# Sawing up big white oak



## oldsaw (Jun 11, 2008)

Well, we got a break in the weather and finally got to the big oak. Funny how pictures never do anything justice. The original picture looked a bit more manageable.







That's me.






We started at the top. The tree had fallen along a shallow ditch and over the road. The top of the tree had already been cleaned up.






Warm and humid that day. Went through two gallons of water. I've got to get back into shape.






Getting the log off of the root ball. 






42" bar, and used all of it.






Split the log to get it down to a manageable size. The small slab was still big enough to take out the winch. Going to have to mill it down on site.

mark


----------



## Backwoods (Jun 11, 2008)

You got to love those challenges. 
Keep the pictures coming.


----------



## Nikko (Jun 11, 2008)

Awesome tree - sure would like to partake in the dissection of one of those..

Nikko


----------



## rbtree (Jun 11, 2008)

Beautious!!!


----------



## dustytools (Jun 11, 2008)

Nice log Mark! Keep the pictures coming.


----------



## tomtrees58 (Jun 11, 2008)

wow looks like the tree got hit by a car in its life some water damage tom trees


----------



## Zodiac45 (Jun 11, 2008)

Mark,

That's gonna be a beauty! Keep em coming.


----------



## aggiewoodbutchr (Jun 11, 2008)

Awesome!!


----------



## woodshop (Jun 11, 2008)

oldsaw said:


>



Wow... I can tell from the way these rings are growing that you have some beautiful stuff inside that first log. Very nice... even though I am up to my ears in oak at this point, this is premium stuff, and I wouldn't turn it down for nothing. I'd like to see a flatsawn board from the outer 12 inches of that log in the pic above once it's been dried and run through a planer. I'm telling you that if it dries without defects, it will be premium stuff. 

Thanks


----------



## Dai Sensei (Jun 12, 2008)

dustytools said:


> Nice log Mark! Keep the pictures coming.



+1


----------



## oldsaw (Jun 14, 2008)

We got it loaded on the trailer today. There is some unbelievable ray patterns in it, it is going to be fun to open it up.

Mark


----------



## AndyR (Jun 15, 2008)

That looks like some fantastic wood!
A couple of questions for you:
1.Did you freehand rip that first log?
2.How do you like that blue-handled aluminum peavy? I am in need of one and am not sure if I want to forge out a hook and bracket out of some old leaf spring and try to make one, or if it would be better to skip all the effort. That handle looks like it would be much stroger than a wooden one.

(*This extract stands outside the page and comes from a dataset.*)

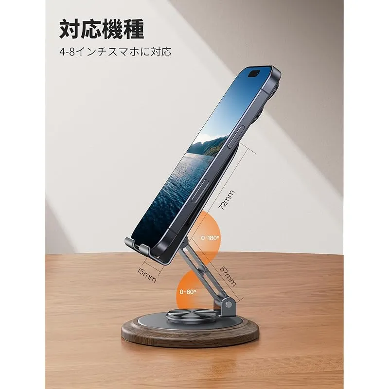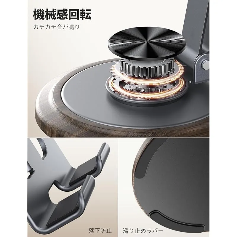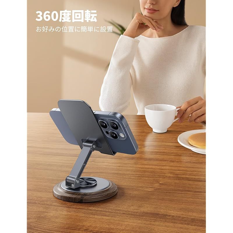 【360度回転・カチカチ回転音】 アルミ 折り畳み スマホスタンド Lamicall : 回転 卓上 コンパクト 角度 折りたたみ 携帯 置き 軽量 アイホン 立て すまほ 台 スマホ 机 つくえ デスク 縦 横 滑り止め アイフォン スマフォ アンドロイド iPhone 17 Air 16e 16 15 14 plus pro promax 13 mini iPhone 12 mini Pro Max 11pro 11 XS XR X 8 plus 7 7plus 6s 6 6plus 5 5s se3 第三世代, Xperia 1 5 XZ2 XZ3 X Z4 Z5,Galaxy S24 S25 Ultra,Note 7 8 9 10+ 20,Z Fold 4 5 6,S5 edge S6 edge S7 edge,A8S A9S A70,W25 W26 Flip,huawei Mate Nova P70 Pro,Xiaomi android プロ マックス プラス ミニ に対応 灰 グレー 木目

Thanks-I kind of like looking at pictures of other people workin' hard...
Andy


----------



## deeker (Jun 15, 2008)

Great pics, Mark. Lots of work.

Kevin


----------



## Zodiac45 (Jun 26, 2008)

Paging Treeco,

Idiot alert.


----------



## oldsaw (Jun 27, 2008)

AndyR said:


> That looks like some fantastic wood!
> A couple of questions for you:
> 1.Did you freehand rip that first log?
> 2.How do you like that blue-handled aluminum peavy? I am in need of one and am not sure if I want to forge out a hook and bracket out of some old leaf spring and try to make one, or if it would be better to skip all the effort. That handle looks like it would be much stroger than a wooden one.
> ...



Yeah, my first attempt at a freehand rip that long. Did okay.

The LogRite, I love it. It bites when my regular one won't. I abuse it when I can, don't worry about the handle. It's a 60".

Mark


----------



## Mike Van (Jun 27, 2008)

Nice work Mark - I'm always amazed how one of these trees can stand so long, live through so many storms, then the wind hits it just right & that's all she wrote -


----------



## oldsaw (Jun 27, 2008)

Mike Van said:


> Nice work Mark - I'm always amazed how one of these trees can stand so long, live through so many storms, then the wind hits it just right & that's all she wrote -



Trees that big in open turf are okay. This one was on the edge of a steep slope into a shallow ditch...full of water. The situation wasn't the best. However, a log that big makes you think a lot before you do anything in "not flat" terrain.

Mark


----------



## Burlhunter13 (Jun 28, 2008)

woodshop said:


> Wow... I can tell from the way these rings are growing that you have some beautiful stuff inside that first log. Very nice... even though I am up to my ears in oak at this point, this is premium stuff, and I wouldn't turn it down for nothing. I'd like to see a flatsawn board from the outer 12 inches of that log in the pic above once it's been dried and run through a planer. I'm telling you that if it dries without defects, it will be premium stuff.
> 
> Thanks





Amen to that woodshop......that oak looks like it will have some amazing figure......what a beautiful thing! Hopefully I can come across some like that!


----------



## slabmaster (Jun 28, 2008)

This hot weather makes it rough,but that oak looks well worth the effort.Good luck with it.


----------